WHEREAS, the Company and certain investors (each, an “Investor”, and collectively, the “Investors”) have entered into a Securities Purchase Agreement, dated as of February 26, 2025 (the “Securities Purchase Agreement”), pursuant to which, among other things, the Company has agreed to issue and sell to the Investors and the Investors have, severally but not jointly, agreed to purchase shares of Series A Convertible Preferred Stock, $0.0001 par value, of the Company (the “Preferred Shares”), which will be convertible into common stock of the Company, par value $0.0001 per share (the “Common Stock”), in accordance with the Certificate of Designations of Rights and Preferences of Series A Convertible Preferred Stock and (ii) certain warrants (the “Incremental Warrants”) to purchase additional Preferred Shares;
WHEREAS, as of the date hereof, the Shareholders own shares of Common Stock (the “Shareholder Shares”), which collectively represent (i) approximately 24.5% of the total issued and outstanding Common Stock of the Company, and (ii) approximately 24.5% of the total voting power of the Company; and
WHEREAS, as a condition to the willingness of each Investor to enter into the Securities Purchase Agreement and to consummate the transactions contemplated thereby (collectively, the “Transaction”), the Investors have required that the Shareholders agree, and in order to induce each Investor to enter into the Securities Purchase Agreement, the Shareholders have agreed, to enter into this Agreement with respect to all the Shareholder Shares now owned and which may hereafter be acquired by the Shareholders and any other securities of the Company (the “Other Securities”, and together with the Shareholder Shares, the “Shareholder Securities”), if any, which the Shareholders are currently entitled to vote, or after the date hereof become entitled to vote, at any meeting of the shareholders of the Company.

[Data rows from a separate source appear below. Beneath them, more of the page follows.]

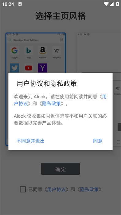 1、打开软件之后阅读用户协议和隐私政策,点击同意之后就能进入到软件;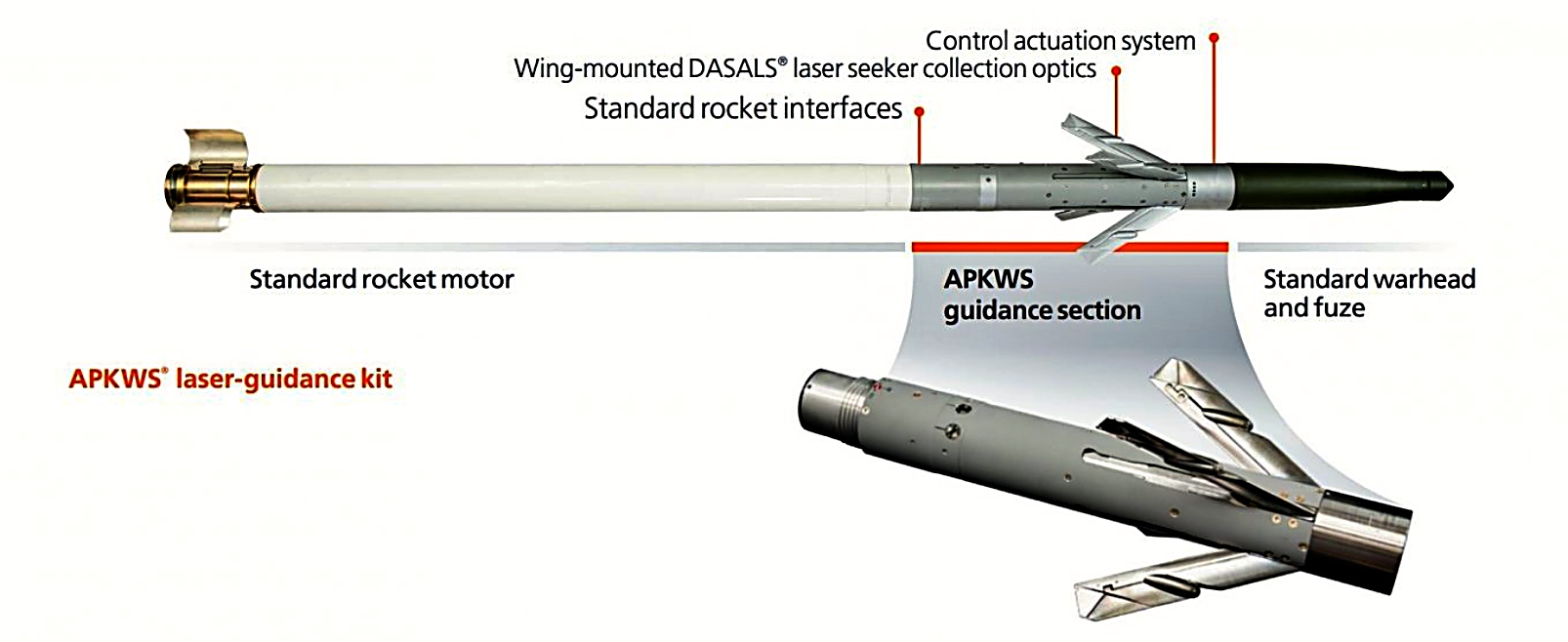 APKWS는 BAE Systems에서 개발한 로켓 중간 부분 장착 유도 장치를 추가하여 Hydra 70 비유도 로켓을 정밀 유도 탄약으로 변환한다. APKWS는 또한 Forges de Zeebrugge 비유도 로켓을 사용한 실사격 훈련에서 성공적으로 시험됐으며, 이를 통해 해당 로켓을 정밀 유도 탄약으로 변환하고 Hydra 70 외 다른 유형의 로켓에도 이 기술을 적용할 수 있음을 입증했다.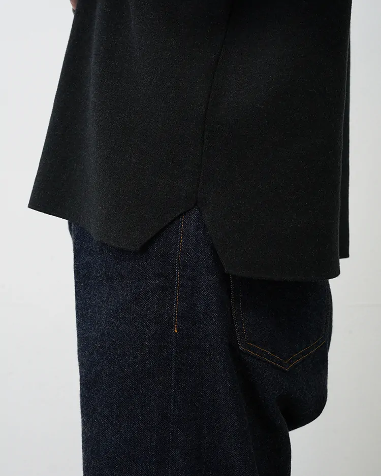 職人の手作業によるリンキング縫製を使い、ニットならではの伸縮性、減らし目の技術を使ったスリットなど、随所にこだわった作りながら、肌離れよくリラックスした着心地を目指した一着。

NOW, THEREFORE, in consideration of the foregoing and the mutual covenants and agreements contained herein, and intending to be legally bound hereby, the parties hereto hereby agree as follows:
ARTICLE I
SUPPORT AGREEMENT OF THE SHAREHOLDER
SECTION 1.01. Support Agreement. Subject to the last sentence of this Section 1.01, the Shareholders hereby agree that at any meeting of the shareholders of the Company, however called, and in any action by written consent of the Company’s shareholders, the Shareholders shall each vote their respective Shareholder Securities, which Shareholders are currently entitled to vote, or after the date hereof become entitled to vote, at any meeting of the Shareholders of the Company: (a) in favor of the Stockholder Approval (as defined in the Securities Purchase Agreement), as described in Section 4(bb) of the Securities Purchase Agreement; and (b) against any proposal or any other corporate action or agreement that would result in a breach of any covenant, representation or warranty or any other obligation or agreement of the Company under the Transaction Documents (as defined in the Securities Purchase Agreement) or which could result in any of the conditions to the Company’s obligations under the Transaction Documents not being fulfilled. Each Shareholder acknowledges receipt and review of a copy of the Securities Purchase Agreement and the other Transaction Documents. The obligations of the Shareholders under this Section 1.01 shall terminate immediately following the occurrence of the Stockholder Approval.
ARTICLE II
REPRESENTATIONS AND WARRANTIES OF THE SHAREHOLDER
The Shareholders hereby represent and warrant, severally and not jointly, to the Company and each of the Investors as follows:
SECTION 2.01. Authority Relative to this Agreement. Each Shareholder has all requisite power and authority to execute and deliver this Agreement, to perform its obligations hereunder and to consummate the transactions contemplated hereby. This Agreement has been duly executed and delivered by each Shareholder and constitutes a legal, valid and binding obligation of each Shareholder, enforceable against each Shareholder in accordance with its terms, except (a) as such enforceability may be limited by applicable bankruptcy, insolvency, reorganization, fraudulent conveyance, moratorium or similar laws now or hereafter in effect relating to, or affecting generally, the enforcement of creditors’ and other obligees’ rights and (b) where the remedy of specific performance or other forms of equitable relief may be subject to certain equitable defenses and principles and to the discretion of the court before which the proceeding may be brought.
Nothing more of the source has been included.